In this series of posts, we chronicle our journey in designing and building an ML system to use Smart Parks’ camera traps media. In particular, the goal of the project is to use an ML approach to ingest the data coming from the camera traps and then provide insights, such as the presence of people or specific kinds of animals in the images or videos captured by the cameras. This information then is used by the park rangers to better protect the wildlife and sooner detect possible dangers like poachers.
Introduction
Smart Parks needed a wildlife monitoring system able to accomplish the following tasks:
Our guiding principle here was one that favored speed. So, as we got started, our singular priority was to deploy a barebone but fully functioning end-to-end product as soon as possible.

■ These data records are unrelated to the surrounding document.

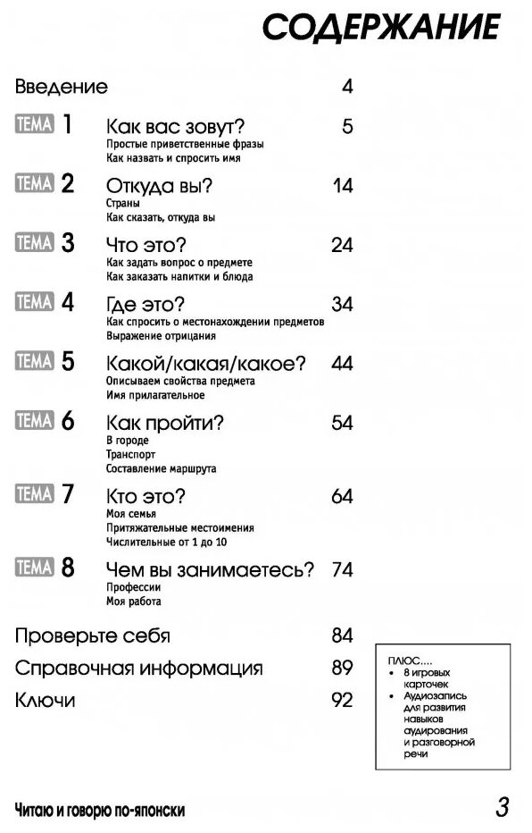 Странное пособие. Учить японский, не освоив хирагану и катакану, только опираясь на зрительное освоение знака-тогда нужно брать видео или аудиокурс. Нигде не указано, что диск надо приобретать отдельно, хотя везде указано , что"аудиокурс содержит интерактивные упражнения и т.д.".
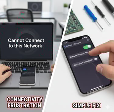 Sayangnya, banyak laptop kantor atau adapter WiFi lama yang HANYA bisa membaca frekuensi 2.4GHz atau keamanan WPA2. Mereka "kaget" dan menolak koneksi dari iPhone.
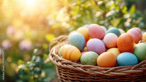 Wicker Basket Filled with Colorful Easter Eggs in a Sunny Garden Setting Close Up Macro Shot Holiday Celebration Springtime
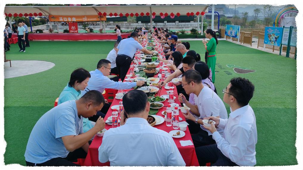 图为在湖南省慈利县溪口镇樟树村举办的“全牛宴”。(朱渊 摄)
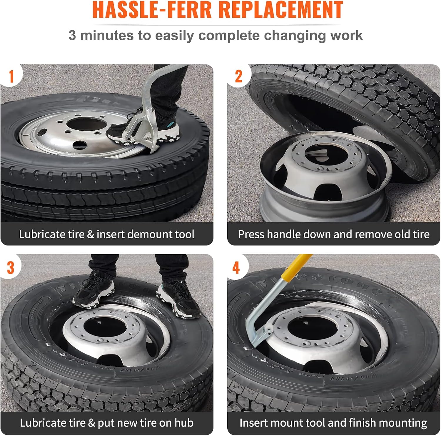 Vevor Steel Tire Mount Demount Tool 22.5" to 24.5" Semi Tire Changing Tool with Extra Bead Keeper, Tubeless Truck Bead Breaker Manual Tire Changing Tools for Car Repairing (Yellow)
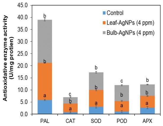 Effects of leaf-AgNPs and bulb-AgNPs on activities of antioxidative enzymes (PAL, CAT, SOD, POD, and APX, in U/mg protein) in Solanum tuberosum L. plantlets grown under a controlled environment in in vitro conditions. Values are the mean ± standard error from three replicates. Different letters indicate a significant difference (p < 0.05) in values between control and treated plantlets.
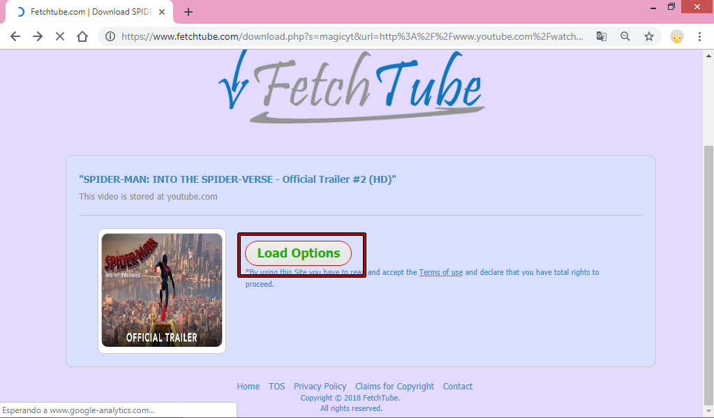 3.Presionamos ENTER y automáticamente nos enviará a esta página, hacemos clic en LOAD OPTIONS
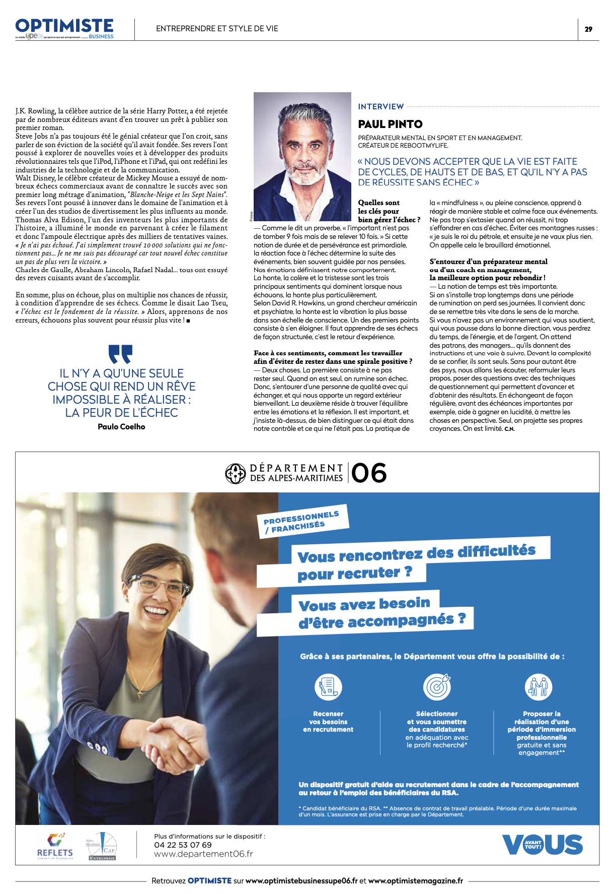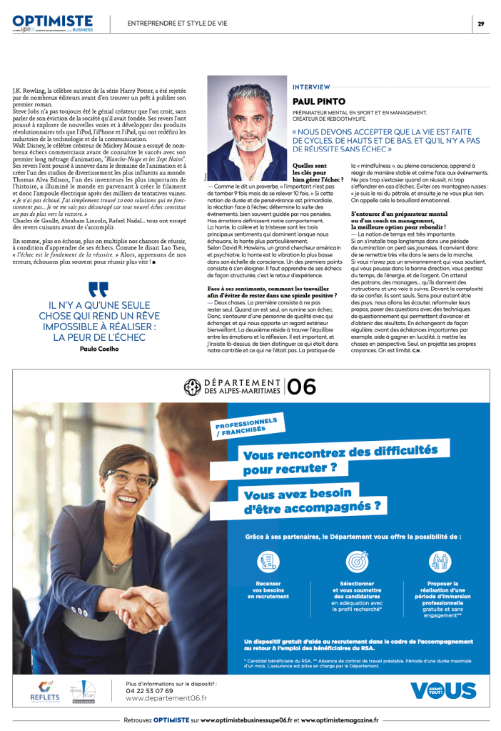 - PAUL PINTO, Préparateur mental en sport et en management – créateur de Rebootmylife « Nous devons accepter que la vie est faite de cycles, de hauts et de bas, et qu’il n’y a pas de réussite sans échec. »

This will be the first article of many and it will focus on the context of the project, the high-level view of the designed system, and the advantages of our cloud-based solution. In the upcoming ones, we will go more in-depth into how to connect camera traps to the Google Cloud Platform and external endpoints using a tool called Node-RED and how to design a simple web app using Streamlit to manage the camera traps placed in the parks.
Let’s get started!
Camera Traps
Before we jump in, let’s quickly review what camera traps are and how they can be used to support animal protection and conservation.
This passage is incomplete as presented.